Single by Britney Spears and Backstreet Boys

from the album Glory
- Released: December 18, 2020
- Recorded: 2017
- Studio: Encore Studios (Burbank, CA)
- Genre: Dance; electropop; glitch pop;
- Length: 2:52
- Label: RCA
- Songwriters: Michael Wise; Asia Whiteacre; Justin Tranter; Ian Kirkpatrick;
- Producers: Wise; Kirkpatrick;

Britney Spears singles chronology
| "Swimming in the Stars" (2020) | "Matches" (2020) | "Hold Me Closer" (2022) |

Backstreet Boys singles chronology
| "No Place" (2019) | "Matches" (2020) | "Last Christmas" (2022) |

Audio video
- "Matches" on YouTube

= Matches (Britney Spears and Backstreet Boys song) =

2020 single by Britney Spears and Backstreet Boys

"Matches" is a song recorded by American singer Britney Spears and American boy band Backstreet Boys from the 2020 deluxe edition of Spears' ninth studio album, Glory (2016). It was written by Asia Whiteacre, Justin Tranter, and the song's producers Michael Wise and Ian Kirkpatrick. It is a dance, electropop, and glitch pop song consisting of the lyrics describing a dangerous relationship. The single met with positive reception, with critics pointing out the "90's vibe" that the song gives off.

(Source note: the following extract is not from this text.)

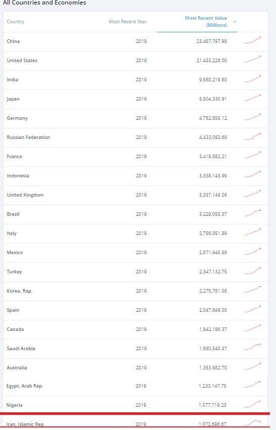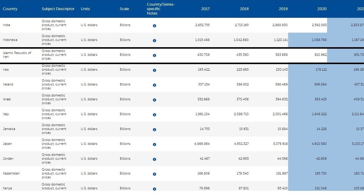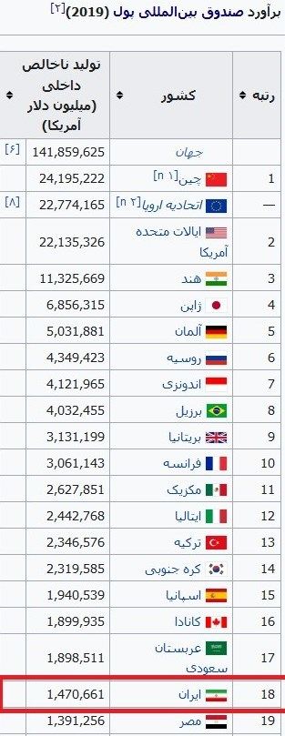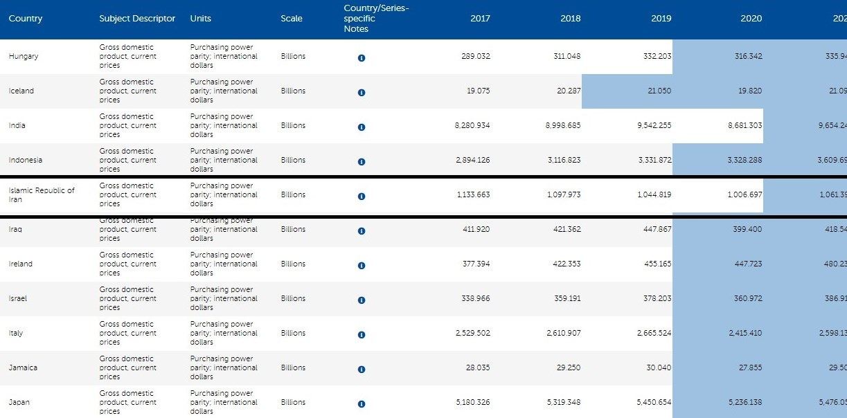البته جدول زیر که از یکی از گزارشهای صندوق بین المللی پول استخراج شده، نیز نشان می دهد، اقتصاد ایران طی سالهای 2017 تا 2020 بین 18 کشور برتر دنیا بوده است.

"Matches" was initially intended for the Backstreet Boys' ninth studio album DNA (2019); however, it did not appear on the album. It was later repurposed to be a collaboration between Spears and the boy band, appearing on the 2020 deluxe edition of Glory. Sony Music sent the song to radio airplay in Italy on December 18, 2020, as the third single from the 2020 reissues, and overall fifth and final single for the album. Commercially, it appeared in digital charts in Canada, Germany, the United Kingdom, and the United States, peaking within the top five on the Malaysian RIM singles chart.

==Background and composition==
"Matches" was produced by Michael Wise and Ian Kirkpatrick and co-written by Asia Whiteacre and Justin Tranter. "Matches" marks the very first collaboration between Spears and the Backstreet Boys, even though both were at their prime in the late 1990s and early 2000s. However, both artists previously contributed their vocals to the cover of "What's Going On" in 2001 as a part of the Artists Against AIDS Worldwide campaign. The song was recorded early in 2017 solely by Backstreet Boys for their ninth studio album DNA (2019), but did not cut. However, Spears heard the track and loved it and chose to re-record it, but keeping Backstreet Boys vocals in it.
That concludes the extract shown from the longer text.